TASK » For every record below, repeat the text exactly and pass over any image.

EXERCISE INPUT »
________________________

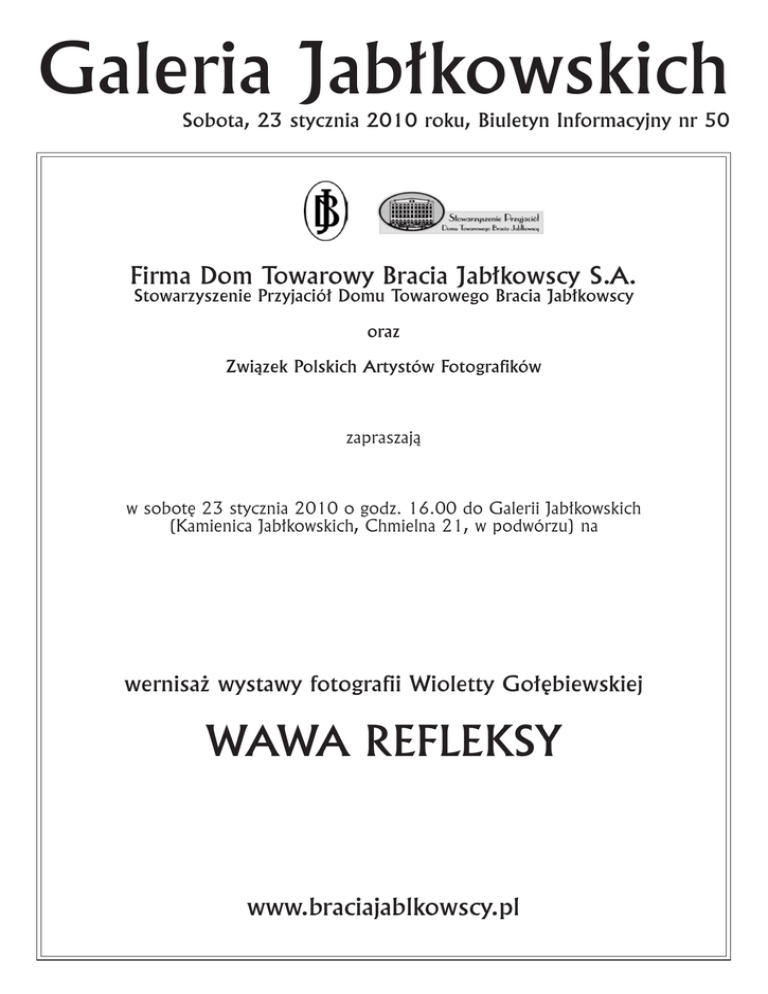 Galeria Jabłkowskich Sobota, 23 stycznia 2010 roku, Biuletyn Informacyjny nr 50 Firma Dom Towarowy Bracia Jabłkowscy S.A. Stowarzyszenie Przyjaciół Domu Towarowego Bracia Jabłkowscy oraz Związek Polskich Artystów Fotografików zapraszają w sobotę 23 stycznia 2010 o godz. 16.00 do Galerii Jabłkowskich (Kamienica Jabłkowskich, Chmielna 21, w podwórzu) na wernisaż wystawy fotografii Wioletty Gołębiewskiej wawa refleksy www.braciajablkowscy.pl Galeria Jabłkowskich Warszawa, ul. Chmielna 21 Wydarzenia kulturalne i rozrywkowe stale towarzyszyły działalności Domu Towarowego Bracia Jabłkowscy, który do roku 1950 mieścił się w budynku przy ulicy Brackiej 25. W jego podziemiach organizowano wystawy sztuki ludowej, obrazów, grafiki i fotografii, w kawiarni występowali popularni artyści estradowi a na najwyższym piętrze odbywały się przedstawienia kukiełkowego teatrzyku dziecięcego. Nawiązując do przedwojennej tradycji w podwórzu Kamienicy Jabłkowskich przy ulicy Chmielnej 21 od grudnia 2004 roku działa Galeria Jabłkowskich. Galeria jest przedsięwzięciem non-profit. Prezentowane w niej są zróżnicowane tematycznie wystawy fotografii i plakatu, organizowane są warsztaty fotograficzne. Wawa refleksy Galeria Jabłkowskich, 23 stycznia - 5 marca 2010 „Wszystkie prezentowane na wystawie fotografie zrobione zostały aparatem analogowym bez żadnych manipulacji w momencie wykonywania zdjęcia ani na etapie postprodukcji. Innymi słowy jest to warszawska rzeczywistość zastana, którą każdy z nas może dostrzec, jeśli tylko spojrzy na nią pod trochę innym kątem (czasami w dosłownym tego wyrażenia znaczeniu). Obserwując miasto przeglądające się w sklepowych witrynach, zauważyć można, jak świat rzeczywisty przenika się ze światem wykreowanym na potrzeby sprzedaży, niejednokrotnie obnażając jego groteskowość. Nieskazitelnym postaciom z reklamy nagle wyrastają z głowy drzewa, krzyże, zegary, a wystawowe manekiny przybierają kształt Pałacu Kultury. Niby zabawne, a jednak nie do końca, niby dokument, a jednak dość subiektywny (jak każdy dokument zresztą).” – Wioletta Gołębiewska. Wystawa potrwa do 5 marca 2010. Zapraszamy. Wioletta Gołębiewska Urodzona w 1974 roku. Absolwentka italianistyki i romanistyki, doktor historii. Z zawodu tłumaczka. Po siedmiu latach spędzonych za granicą (doktorat we Włoszech, praca w Parlamencie Europejskim w Luksemburgu) od półtora roku znowu mieszka w Warszawie. W ubiegłym roku ukończyła z wyróżnieniem rok podstawowy Studium Fotografii ZPAF i wzięła udział w VIII Dorocznej Wystawie Studium Fotografii ZPAF. Obecnie słuchaczka roku warsztatowego. Na koncie ma także wyróżnienia w konkursach fotograficznych w Mediolanie (Premio Perini 2003) i Veglie (Obiettivo Salento 2002) oraz dwie indywidualne wystawy również we Włoszech, w Lecce (2002) i Galatone (2004).
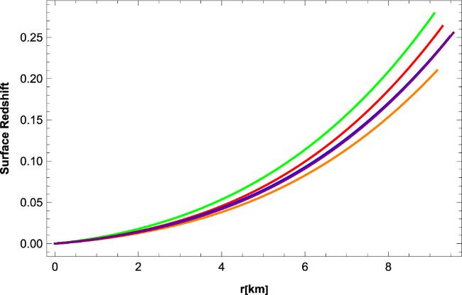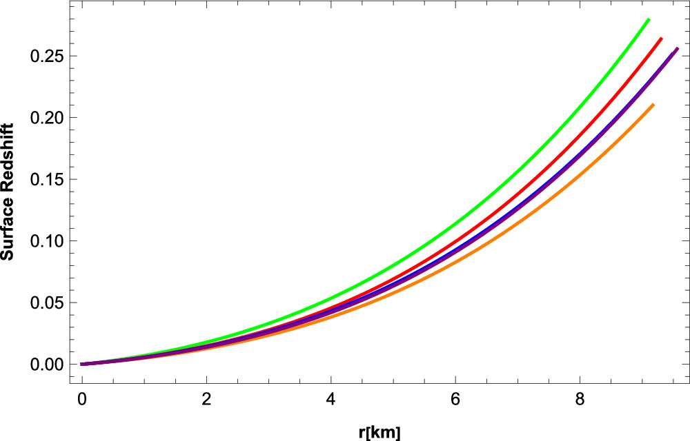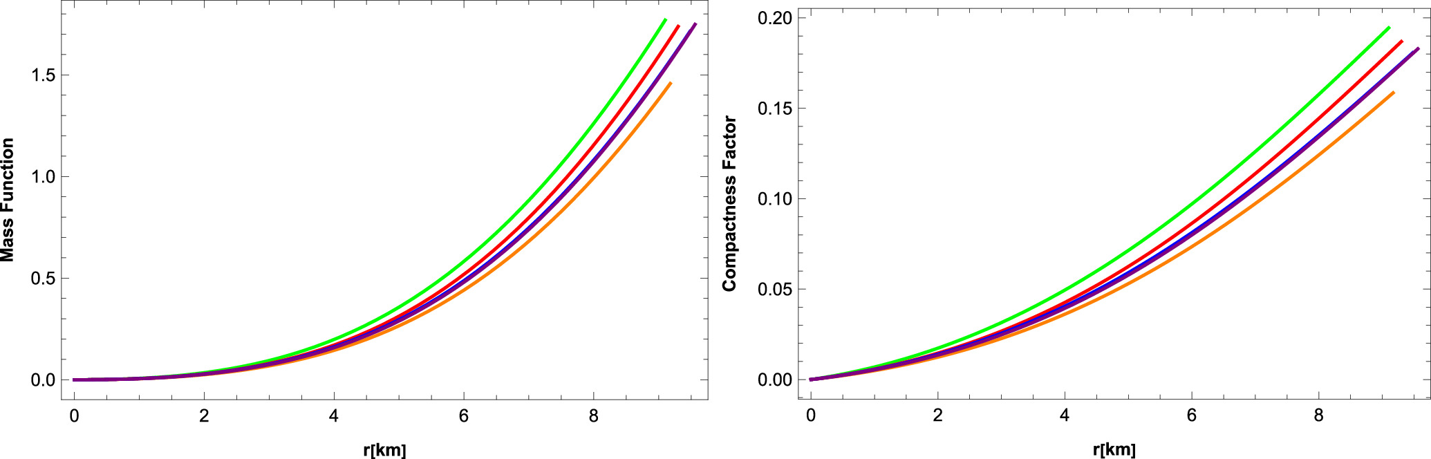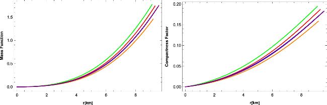 Figures 2 and 3 illustrate a consistent upward trend in the mass function, compactness parameter, and surface redshift. This behavior reflects the expected increase in these quantities as we move outward from the center of the star, supporting the overall consistency and viability of the model.
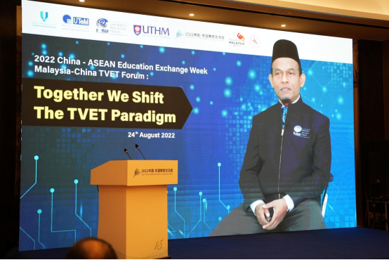 马来西亚彭亨大学校长尤斯里在闭幕式上致辞。他说,中马双方高校在职业教育的发展上有相同的目标,希望通过此次会议,中马双方高校继续依托地缘、人文、学科等优势,从聚焦职业教育人才培养,推进校企合作,打造交流平台,拓宽交流领域等方面着手,不断推进双方职业高等教育合作迈上新台阶。
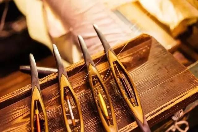 云锦工艺独特,用老式的提花木机织造,必须由提花工和织造工两人配合完成,两个人一天只能生产五到六厘米,这种工艺至今仍无法用机器替代。
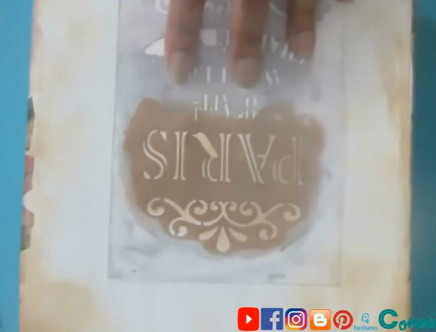 En la parte de atrás de la caja usaremos un stencil de París o el que tengas en casa,
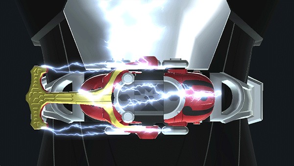 3、接着会看到一个变身腰带出现,点那条腰带把它装上,就像真的把配件戴好一样。

________________________

RESPONSE AREA »
 Galeria Jabłkowskich Sobota, 23 stycznia 2010 roku, Biuletyn Informacyjny nr 50 Firma Dom Towarowy Bracia Jabłkowscy S.A. Stowarzyszenie Przyjaciół Domu Towarowego Bracia Jabłkowscy oraz Związek Polskich Artystów Fotografików zapraszają w sobotę 23 stycznia 2010 o godz. 16.00 do Galerii Jabłkowskich (Kamienica Jabłkowskich, Chmielna 21, w podwórzu) na wernisaż wystawy fotografii Wioletty Gołębiewskiej wawa refleksy www.braciajablkowscy.pl Galeria Jabłkowskich Warszawa, ul. Chmielna 21 Wydarzenia kulturalne i rozrywkowe stale towarzyszyły działalności Domu Towarowego Bracia Jabłkowscy, który do roku 1950 mieścił się w budynku przy ulicy Brackiej 25. W jego podziemiach organizowano wystawy sztuki ludowej, obrazów, grafiki i fotografii, w kawiarni występowali popularni artyści estradowi a na najwyższym piętrze odbywały się przedstawienia kukiełkowego teatrzyku dziecięcego. Nawiązując do przedwojennej tradycji w podwórzu Kamienicy Jabłkowskich przy ulicy Chmielnej 21 od grudnia 2004 roku działa Galeria Jabłkowskich. Galeria jest przedsięwzięciem non-profit. Prezentowane w niej są zróżnicowane tematycznie wystawy fotografii i plakatu, organizowane są warsztaty fotograficzne. Wawa refleksy Galeria Jabłkowskich, 23 stycznia - 5 marca 2010 „Wszystkie prezentowane na wystawie fotografie zrobione zostały aparatem analogowym bez żadnych manipulacji w momencie wykonywania zdjęcia ani na etapie postprodukcji. Innymi słowy jest to warszawska rzeczywistość zastana, którą każdy z nas może dostrzec, jeśli tylko spojrzy na nią pod trochę innym kątem (czasami w dosłownym tego wyrażenia znaczeniu). Obserwując miasto przeglądające się w sklepowych witrynach, zauważyć można, jak świat rzeczywisty przenika się ze światem wykreowanym na potrzeby sprzedaży, niejednokrotnie obnażając jego groteskowość. Nieskazitelnym postaciom z reklamy nagle wyrastają z głowy drzewa, krzyże, zegary, a wystawowe manekiny przybierają kształt Pałacu Kultury. Niby zabawne, a jednak nie do końca, niby dokument, a jednak dość subiektywny (jak każdy dokument zresztą).” – Wioletta Gołębiewska. Wystawa potrwa do 5 marca 2010. Zapraszamy. Wioletta Gołębiewska Urodzona w 1974 roku. Absolwentka italianistyki i romanistyki, doktor historii. Z zawodu tłumaczka. Po siedmiu latach spędzonych za granicą (doktorat we Włoszech, praca w Parlamencie Europejskim w Luksemburgu) od półtora roku znowu mieszka w Warszawie. W ubiegłym roku ukończyła z wyróżnieniem rok podstawowy Studium Fotografii ZPAF i wzięła udział w VIII Dorocznej Wystawie Studium Fotografii ZPAF. Obecnie słuchaczka roku warsztatowego. Na koncie ma także wyróżnienia w konkursach fotograficznych w Mediolanie (Premio Perini 2003) i Veglie (Obiettivo Salento 2002) oraz dwie indywidualne wystawy również we Włoszech, w Lecce (2002) i Galatone (2004).
 Figures 2 and 3 illustrate a consistent upward trend in the mass function, compactness parameter, and surface redshift. This behavior reflects the expected increase in these quantities as we move outward from the center of the star, supporting the overall consistency and viability of the model.
 马来西亚彭亨大学校长尤斯里在闭幕式上致辞。他说,中马双方高校在职业教育的发展上有相同的目标,希望通过此次会议,中马双方高校继续依托地缘、人文、学科等优势,从聚焦职业教育人才培养,推进校企合作,打造交流平台,拓宽交流领域等方面着手,不断推进双方职业高等教育合作迈上新台阶。
 云锦工艺独特,用老式的提花木机织造,必须由提花工和织造工两人配合完成,两个人一天只能生产五到六厘米,这种工艺至今仍无法用机器替代。
 En la parte de atrás de la caja usaremos un stencil de París o el que tengas en casa,
 3、接着会看到一个变身腰带出现,点那条腰带把它装上,就像真的把配件戴好一样。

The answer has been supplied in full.